Nigo’s background encompasses music. Not only does he dress and work with musicians (he teamed up with Pharrell Williams to launch Billionaire Boys Club and Ice Cream shoes in 2003), he creates his own — he’s a member of Japanese hip-hop group Teriyaki Boyz. And though he left the BAPE in 2013, he’s still tied to the legacy of a brand that helped define the landscape of modern streetwear.
Many have walked away from that word, including the late Virgil Abloh, whom Nigo collaborated with on a series of capsule collections for Louis Vuitton and who said “streetwear is dead.” However, Nigo says: “I think it’s very interesting, almost shocking, that people like me and Virgil, for example, who were perceived to come from this streetwear background, can now be the creative directors of these houses. ” Matthew M Williams, creative director of Givenchy, is another example.
“I think streetwear has a sense of not being proper design . . . and traditionally quite looked down upon,” Nigo says. , and it can easily seem fake or soulless.”
Nigo says he has no distaste for the word streetwear – and indeed luxury can learn from how it works. “It’s based on understanding the brand from the customer’s perspective, like what they want and when they want it,” he says. “A very logical way of doing things in the present.”

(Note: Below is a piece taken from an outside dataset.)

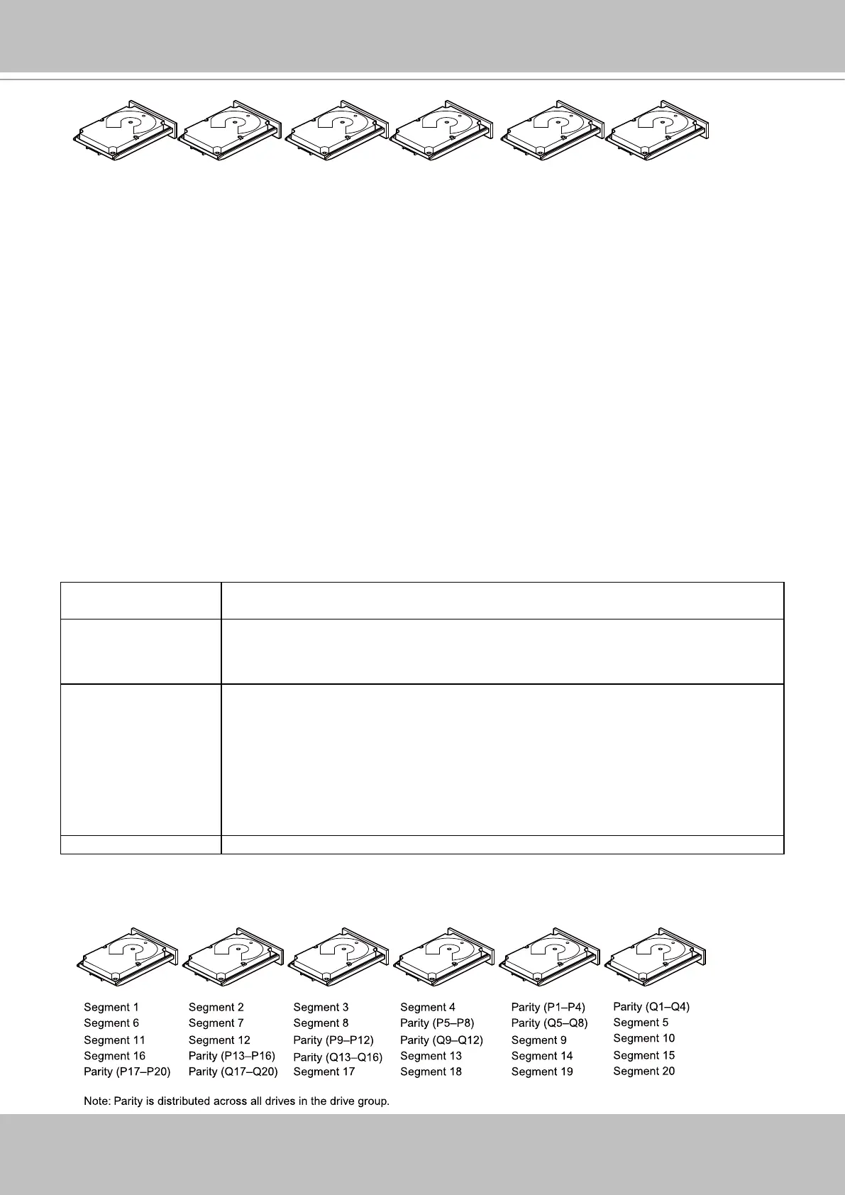 The following gure shows a RAID6 drive group data layout. The second set of parity drives is

It was the success of his Vuitton collaborations that marked Nigo Kenzo. “On the back of this I was approached by the band, first Michael [Burke] of LV, because I was closest to him, to see if I would be interested in doing more,” he says. It was. “Having spent so long working in the same kind of environment, in the world of street culture, I was definitely ready to see a new space.” However, Kenzo was not a precise destination. “If I had been offered an opportunity for another Parisian house of similar size, given this feeling. . . I’m pretty sure I wouldn’t have said no.
However, Nigo has a real affection for the label, and its founder, whom he respectfully designates by the Japanese honorific “san” but whom he unfortunately did not meet before the latter’s death at the age of 81. in 2020, following complications related to Covid-19. 19.

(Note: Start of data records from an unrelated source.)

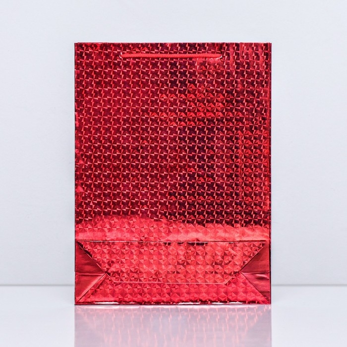 Новый год. Пакет подарочный, фольгированный, "Красный" 34 Х 26 Х 8 см.
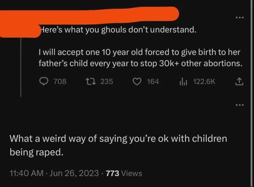 If I had to steelman their argument I’d wonder if they are properly informed about the very real, well documented physical risks to children from getting pregnant and carrying to term. Death is one option, but long term physical disability due to spinal and hip fractures aren’t unheard of. As well as a long list of other physical and psychological effects I’m not gonna put here.
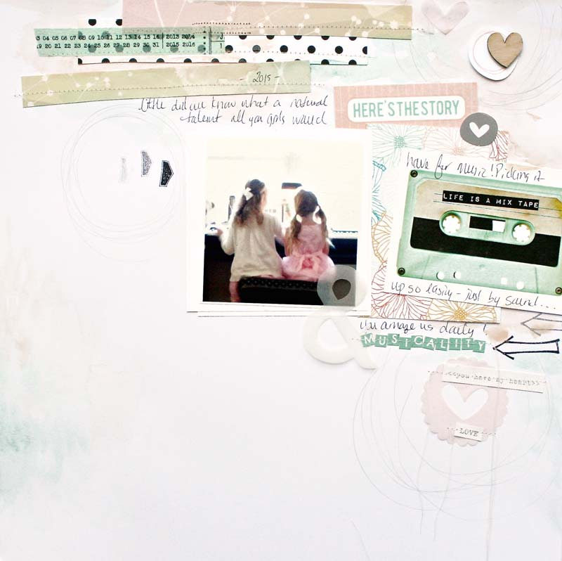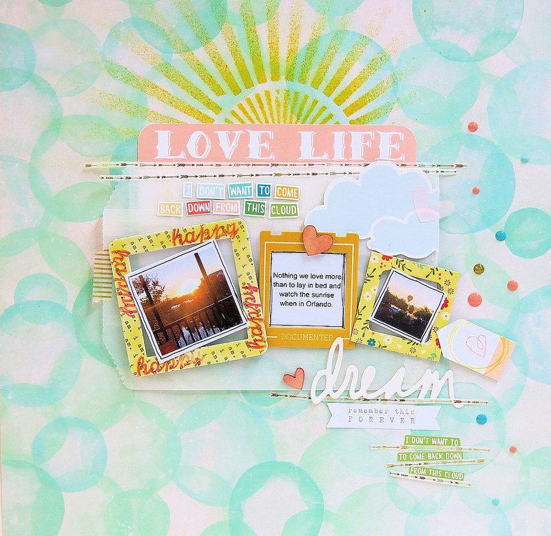 Sharmaine also did a layout that features the “This is the life” phrase from the DITL: May kit. It’s a nice graphic contrast to her nests of string.

The meeting of Paris and Japan is a major theme of Nigo’s upcoming spring-summer 2023 show, unveiled on Sunday. “During this DC boom in the 80s in Japan, the image of Paris was something extremely meaningful and attractive to the Japanese. It was a very desirable thing,” he says. “Everything in Paris was portable and chic. And so part of what I do is try to show the perception of Paris from Japan at that time. He was struck by the Japanese details on the clothes from the Kenzo archives: “Traditional prints or fabrics which come from an entirely different part of the world, but used with Japanese detail.He says the new show won’t be all that different from his debut – his style will be evolutionary rather than groundbreaking.
More than anything else, what Nigo wants is for people to get excited about Kenzo again – as they were in the 1970s with his spectacular shows while singing and dancing that helped affirm the creative importance of designer ready-to-wear compared to haute couture. . “What often happens to brands is that they can grow old with their customers,” he says. “What I want to do is take Kenzo back, like he’s zero years old again.” Nigo wears a mask, but looks like he’s smiling. “I want everyone to be able to buy from Kenzo.” This should also make Kenzo’s CEO smile.